American International Group Inc. has sued two financial firms alleging that they engaged in fraud and unjust enrichment by issuing exotic securities they claimed were backed by prime mortgage-backed securities.

The suit says that AIG suffered losses because the securities were either insured through its financial products subsidiary or purchased directly by its securities lending unit.

The suits are the first of an expected wave of suits AIG will file to recoup money paid to reimburse banks for their investment in securities tied to mortgages that AIG Financial Products insured through credit default swaps, and tied to $40 billion in mortgage-backed securities purchased directly by a separate securities lending unit.

AIG is limited in whom it can sue through an agreement with, among others, the Federal Reserve Bank of New York.

The NY Fed said last year that a broad legal release was part of agreements in late 2008 that cancelled credit-derivative contracts between AIG and various banks.

But the agreement did not require that AIG hold harmless the managers who assembled the securities AIG insured, according to several people.

The suit was filed in New York State court against ICP Capital Management and Moore Capital.

In a statement, AIG says that AIG CEO Bob Benmosche disclosed at last year’s annual meeting that the company was reviewing its dealings with all of the counterparties with which we did business before and during the financial crisis to see if they harmed us by their conduct.

“This suit is the first result of that review,” says spokesman Mark Herr. “ICP’s fraud harmed AIG and the American taxpayer and we are fighting back,” Herr adds.

The first suit involves collateralized debt obligations (CDO) backed by residential mortgage-backed securities.
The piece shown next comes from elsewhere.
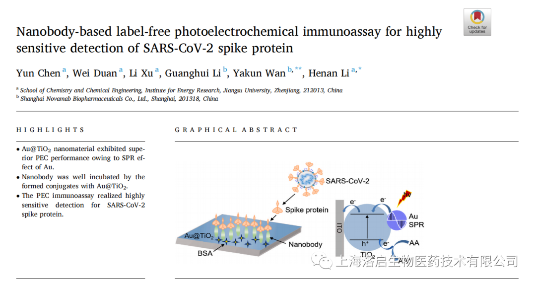 2022年5月3日,1929cc威尼斯(中国)生物和江苏大学化学化工学院李赫楠教授团队合作,在《Analytica Chimica Acta》发表了题为“Nanobody-based label-free photoelectrochemical immunoassay for highly sensitive detection of SARS-CoV-2 spike protein”的研究论文。1929cc威尼斯(中国)生物万亚坤博士和李贺楠教授为并列通讯作者,相关纳米抗体的知识产权归1929cc威尼斯(中国)生物所有。

The total value of the two CDOs insured by AIGFP was $7.7 billion. They were issued in September and December 2006.

The suit claims that ICP committed fraud and Moore Capital “unjustly enriched” itself by entering into deals “either directly or indirectly,” with the two CDOS “for the sale of residential mortgage-backed securities that were inflated above prevailing market prices.”

Margaret Keely, a lawyer in Washington for ICP at Williams & Connolly, did not return phone calls seeking comment.

Officials at Moore Capital, based in New York, did not respond to requests for comment.